An gelip o içimizdeki büyük değerleri yitirdiğimizde birkaç gün ardından ah-vah çekip duruyoruz.

Peki böyle mi olmalı?

 

Cihangir Bilgin diye bir sanatçı var kentimizde.

Eşi de sanatçı.

Bir bebekleri olmuştu geçtiğimiz yıl.

Cihangir’i izliyorum.

Düzenlediği bir çok etkinliğe de gittim, izledim ve haberlerini de yaptım.

Sevdim bu aileyi.

Yöremiz adına ne kadar büyük şans.

Gece gündüz demeden Halk Eğitimi Merkezi öncülüğünde kültür ve sanat işleriyle uğraşarak, insan yaşamının en önemli anlamı olan dünyaya amatörlerin de katılımını sağlamaya çalışıyorlar.

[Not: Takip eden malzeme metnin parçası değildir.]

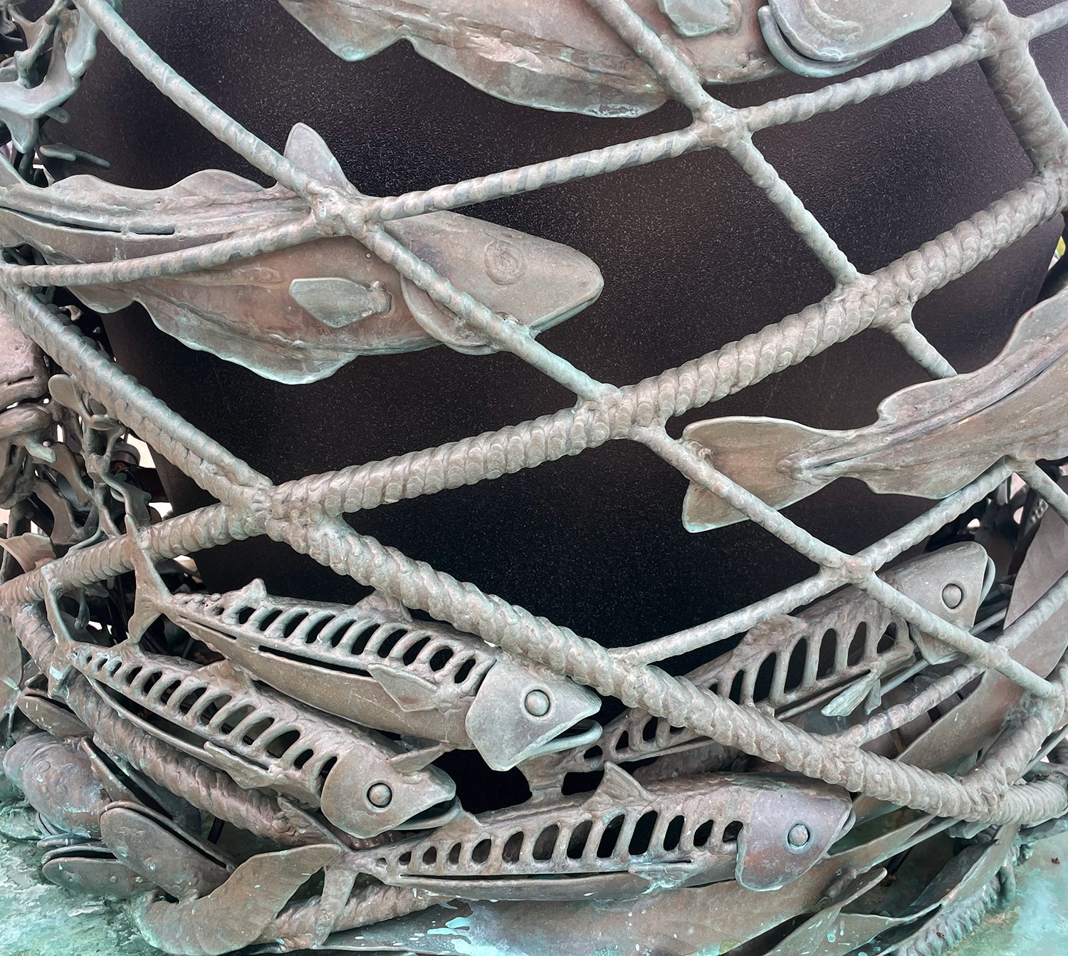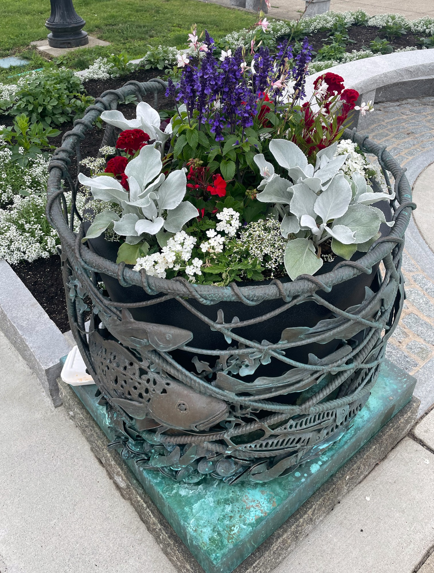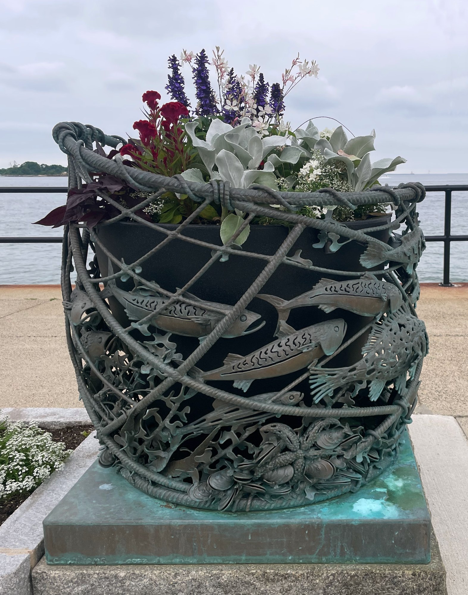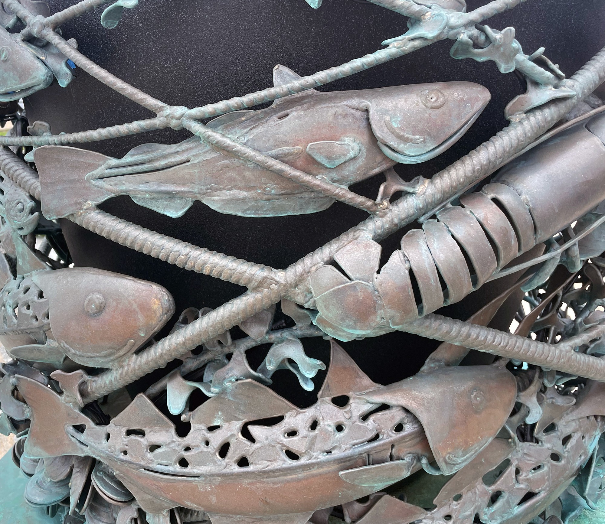 To continue the support for the current statue known as the “Man at the Wheel”, we designed what could be considered an accessory to the existing theme. These “Fish Baskets” hold the treasures of the sea, capturing a moment of “A day in the life of the Gloucester fisherman.”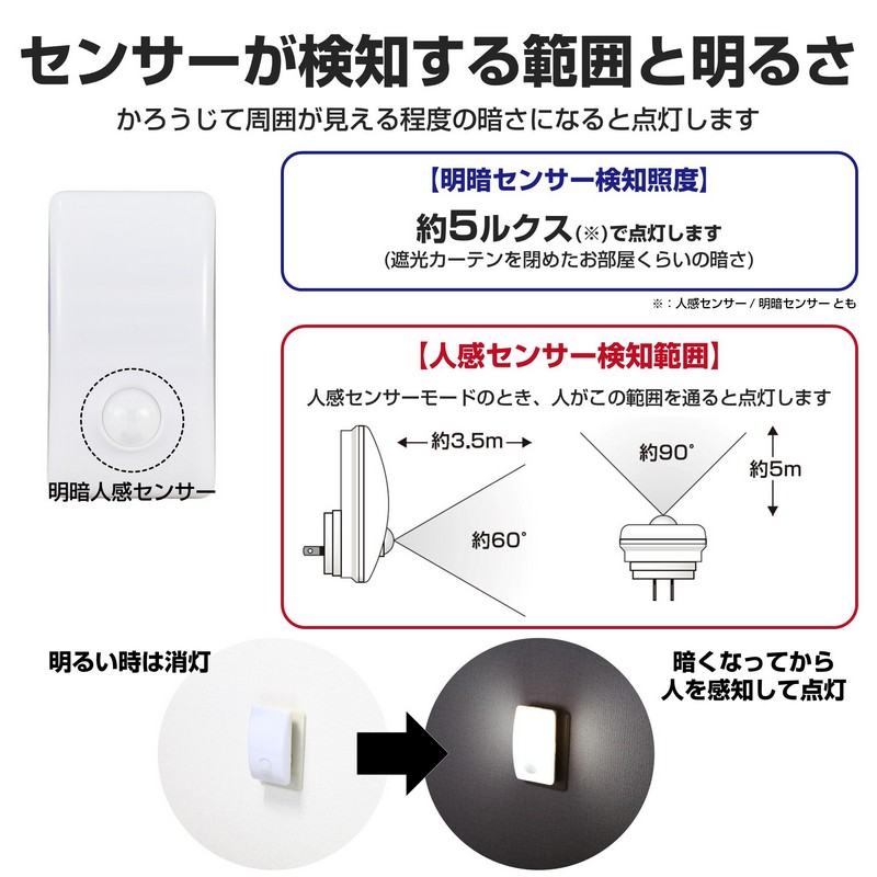 ■点灯保持時間:約2分(人を検知すると自動で点灯し、約2分後に自動で消灯します)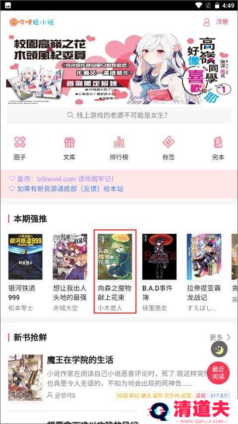 2、来到主页您可以浏览到海量的哔哩轻小说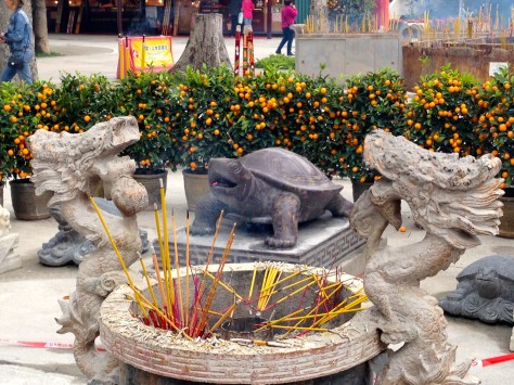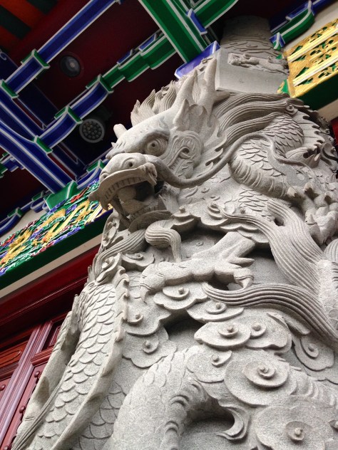 One of the things I love about Southeast Asia are temples located in the middle of big, bustling cities. Hong Kong’s oldest temple, Man Mo Temple, dates to 1847. It sits next door to massive high-rises and crowded with Buddhists lighting incense and praying. The smoke was so thick inside that it was hard to breathe, even more difficult than in the rest of Hong Kong. (The fire alarm in our hostel went off early one morning because of the smog.)
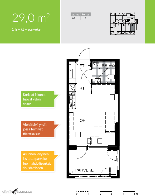 | Huoneiston kokoonpano | 1h+kt+parveke |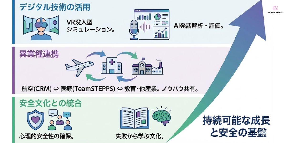 これらは国際的に確立されたトレーニングモデルであり、今後は建設・製造・教育分野など、他の領域への展開が期待されている。例えば、教育現場では教師とスタッフ間の協働にCRMの手法を応用する試みが始まっており、生徒への対応力や教育の質の向上につながっている。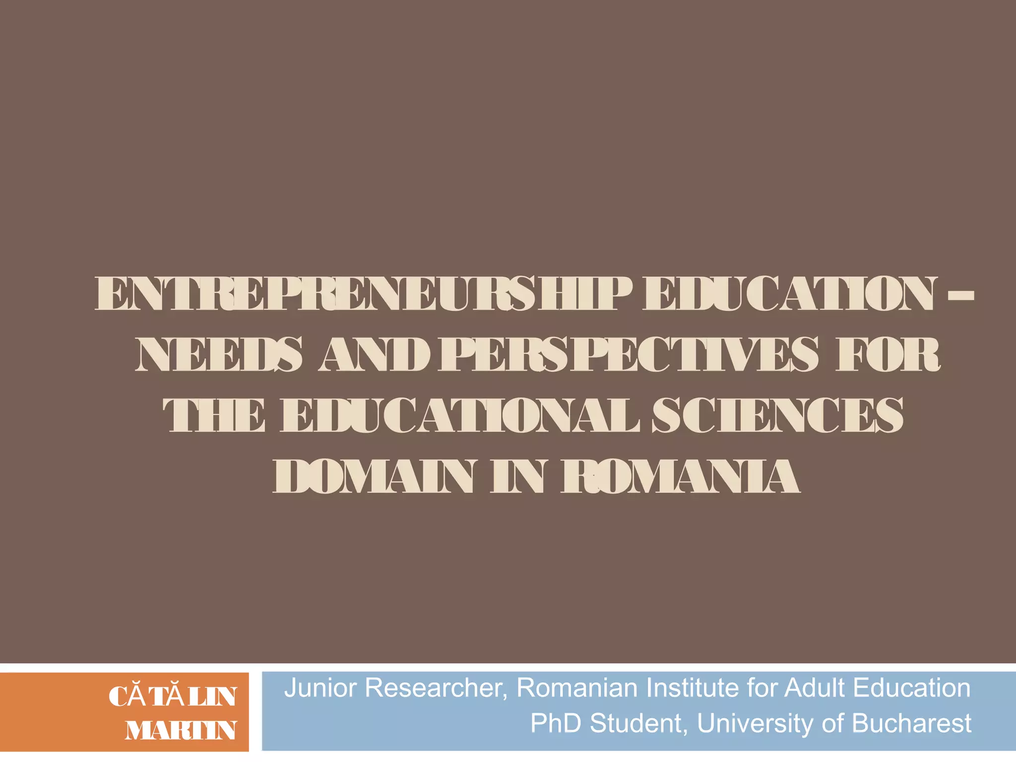 The document discusses the need for entrepreneurship education in Romania and the perspectives of students in educational sciences programs. A survey of 168 students found that over 30% want to start a business within 4 years, particularly in education, trade, or services. Students said they lack money, skills, and business ideas to become entrepreneurs. Over half found an entrepreneurship course would be useful to develop skills through activities like visiting businesses. The conclusions were that developing transversal competencies through such a course could help students in educational sciences prepare for careers outside teaching and improve entrepreneurial intentions.

Biliyorum ki Halk Eğitimi Merkezi destek olmasa buradan çekip giderler başka diyarlara.

Belki de farkına varmayız.

Belki de hiç umurumuzda bile olmaz birkaç gönül dostunun dışında.

Bir sanatçı aile aramızdan ayrılmış ve kültür ve sanatımız öksüz kalmış kimin umurunda ke!..

Eh bir parça öyle.

Neleri geldi ve gitti de kaçını hatırlıyoruz şimdi?

 

Nazif Gözalan gibi dünya iyisi bir dost düştü birdenbire aklıma işte.

 

Yerel güçler ve yerel yönetenler, kültür ve sanata her açıdan destek olmalıdır.

Bunun sınırı olmaz, olamaz.

Yerel varlıklarımızın değerini bilmeyenlerin kültür ve sanat deyince akıllarına ne gelir bilemem.

Biz yereldeyiz.

Yerelde isek de, öncelikle öz kültürümüzü yaşatmak ve destek olmak gibi sorumluluğumuzu asla unutamayız ki.

Ereğli’deki bütün sektörlerin yerel değerlerimize sahip çıkması ve kültür ve sanat olaylarına sponsor olarak katkı vermesini sürekli anlatmak gerekiyor.

Kaymakam başta olmak üzere bu kenti yöneten herkesin yerel kültür ve sanat olaylarında kendilerini sorgulaması ve üzerimizde var olan uyuşukluğu atmasını beklemek bile büyük heyecan ve umut.

 

Aladdin Gelen yok artık.

Var mı bir başkası?

Neredeler?

İşte şimdi bir Bahşende-Cihangir Bilgin çifti var.

Kim biliyor değerini.

Kim?

 

Kültüre ve sanata emek veren ve yüreğini ortaya koyan herkesi selamlıyorum.

Bir gün; Kdz. Ereğli’nin de yerel kültür ve sanata verdiği değerle Türkiye’ye örnek olacağı günlerin de uzak olmayacağına inanmak isteyenlerden biri olarak, “Alaaddin Gelen’lerin değerini bugün bilelim” diyorum.